Intern Diaries: Statistics

Published in

Analytics Vidhya

9 min readJan 6, 2021

In this blog we learn to deal with numbers with statistics. This blog would be a quick refresher to the concepts already learnt in high school mathematics and would also introduce new topics in context with Machine Learning.

Why do we need to study statistics?

In this day and age, we have a plethora of data which needs to processed and understood. But how does one even start with performing operations on a dataset? It starts when, one has enough information on the given data to analyze and process it. This is done by statistics. Statistics is nothing but the practice of collecting huge amounts of information and inferring certain details out of it for later use.
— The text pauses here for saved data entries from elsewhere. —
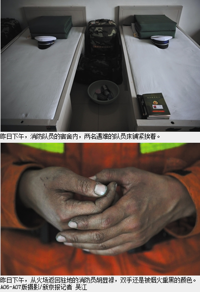 跟着胡显禄一同逃生的还有四中队二班副班长赵茂亦。“就十几秒时间,像是过了一个世纪。”讲述中赵茂亦数度流泪,他回忆,从火场出来的最后一刻,曾回头看了一眼,一名小战士还在火场里,“当时看到了他绝望的表情”。事发四天了,赵茂亦每天晚上都会梦见那个小战士伸着烧焦的手,对他说,“拉我一把”。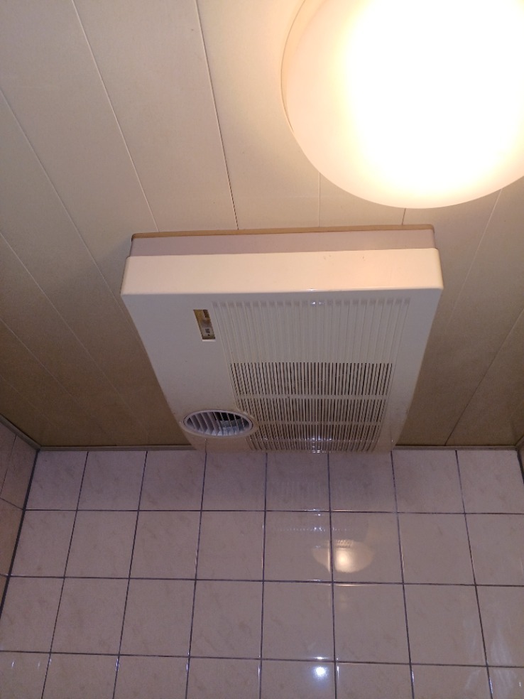 Y様のお宅の浴室には、以前から使っていた浴室暖房乾燥機が設置されていました。型番は不明でしたが、これまで多くのご家庭で見られる一般的なモデルでした。設置場所はもちろん、浴室内でしたので、湿気対策に重要な役割を果たしていました。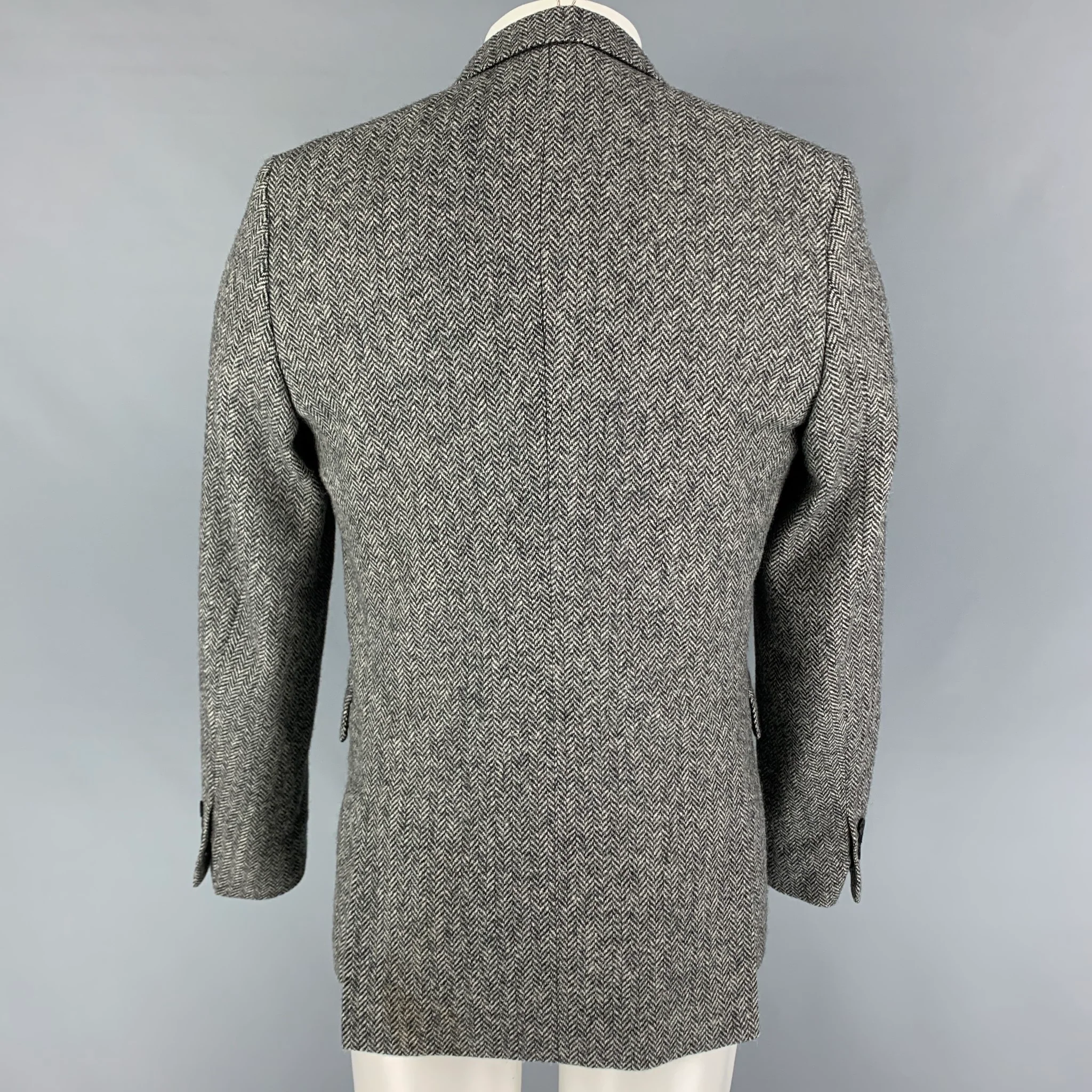 AMI by ALEXANDRE MATTIUSSI sport coat comes in a grey & black herringbone wool with a full liner featuring a notch lapel, flap pockets, double back vent, and a double button closure.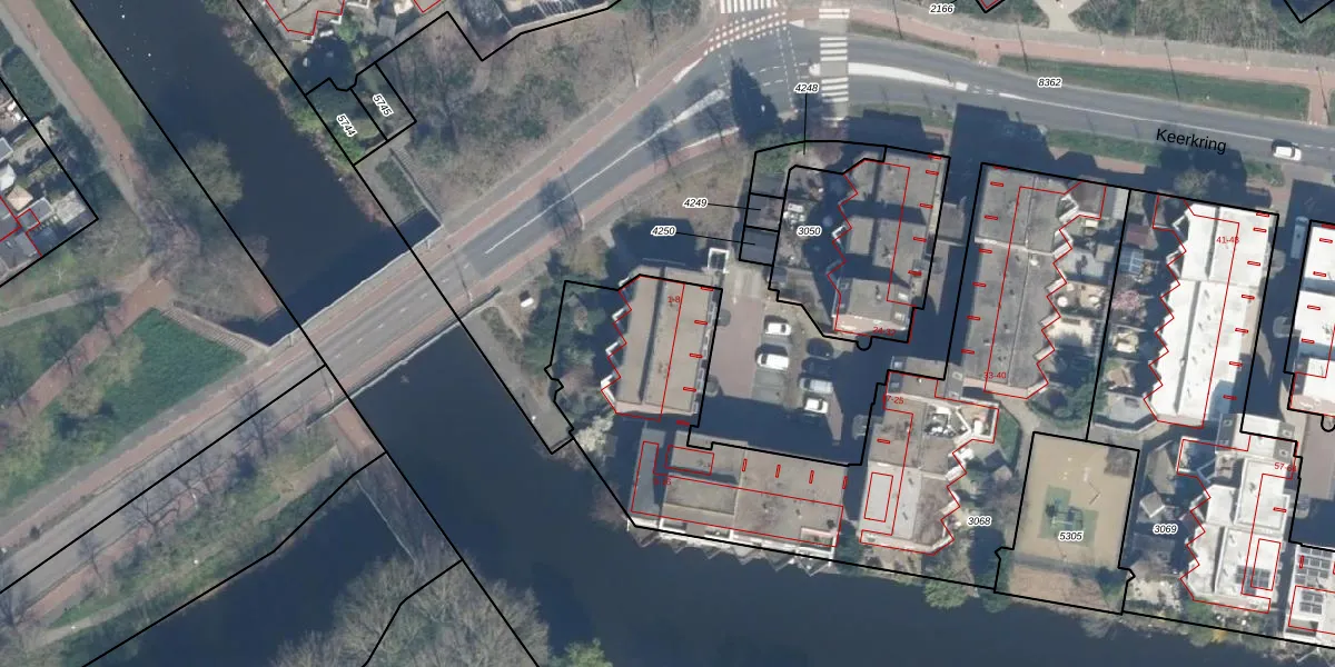 Het perceel waarop Keerkring 2 staat heeft een oppervlakte van 2548 m². Dit is een zeer groot perceel. De perceeloppervlakte wordt geregistreerd door het Kadaster. Gedetailleerde informatie over de maten van dit perceel kunt u vinden in het rapport Kadastrale kaart met maatvoering van Keerkring 2.

Below are some of the applications of statistics in machine learning:

cleaning and preparing dataset
aids in model selection
helps in obtaining information from the set of observations and creating inference on them
helps in finding the correlation between different variables and data

Quick refresher for basic topics

Percentiles: If some number in a sequence falls under n% percentile then, that indicates that, that number is greater than n% of the numbers in that series. We find percentile by first sorting our sequence in ascending order.

Then, we calculate it by using formula n =( P/100)*N

where, n is the rank in your sequence , P is the percentile to be calculated and N is the number of values in the dataset or sequence.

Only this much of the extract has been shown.